La banda, con 38 años de carrera, no se estresa por la formación para salir de gira. Tocan los que están y así funciona, sin fricciones internas ni escándalos hacia afuera. Se da todo con naturalidad y sapiencia. Hoy están Greg Graffin, Jay Bentley, Mike Dimkich (ex Channel 3 y The Cult que en 2013 reemplazó al ex Circle Jerks Greg Hetson), Brian Baker (ex Minor Threat que luce una remera con la cara de Trump y la leyenda “Cerdo fascista”), y Jamie Miller.
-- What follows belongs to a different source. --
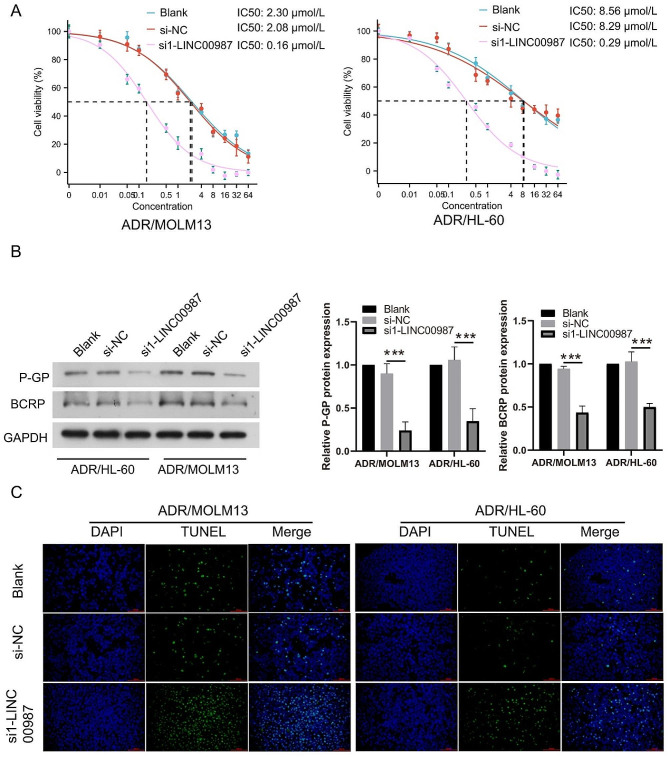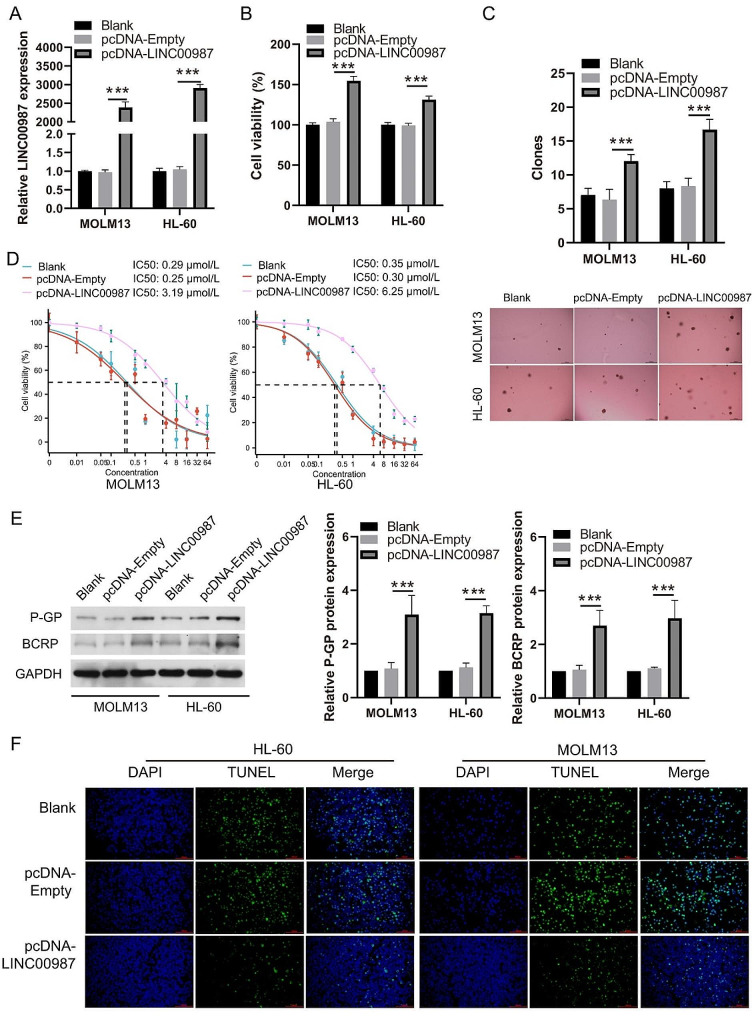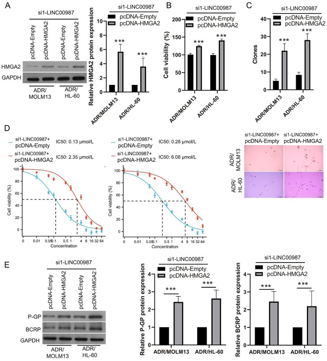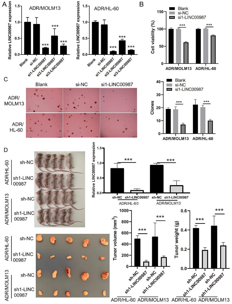 Methods: In this study, ADR-resistant cells were constructed. LINC00987, miRNAs, and HMGA2 mRNA expression were measured by qRT-PCR. P-GP, BCRP, and HMGA2 protein were measured by Western blot. The proliferation was analyzed by MTS and calculated IC50. Soft agar colony formation assay and TUNEL staining were used to analyze cell colony formation and apoptosis. Xenograft tumor experiment was used to analyze the xenograft tumor growth of ADR-resistant AML.

Mañana, en la próxima gira, podrían ser otros, pero seguirá siendo Bad Religion y tendrá integrantes a la altura de una banda vigente, por su estado físico e intelectual, y actual, por lo oportuno y necesario de su mensaje.
Su derrotero de grandes éxitos recuerda a Tested, de 1997, en el que incluyeron todo lo necesario no sólo para ponerlo en el reproductor, sino para encuadrarlo. La lista incluye a Change of ideas, No control, Generator, Punk rock song, Fuck armageddon this is hell y American Jesus: “Lo siento por la población del planeta, ya que unos pocos viven en Estados Unidos. Al menos los extranjeros pueden copiar nuestra moralidad. Pueden visitarnos pero no quedarse y solo una preciosa minoría puede almacenar la prosperidad”.
Se fue Bad Religion. Ahora es tiempo de esperar a que la escuela ambulante del profesor Graffin vuelva por estas tierras y que, además de darnos el gran show de siempre, nos recuerde que es horrible ser tibios y que siempre hay que saber de qué lado se está. Ellos, por su parte, ya eligieron hace unos 38 años.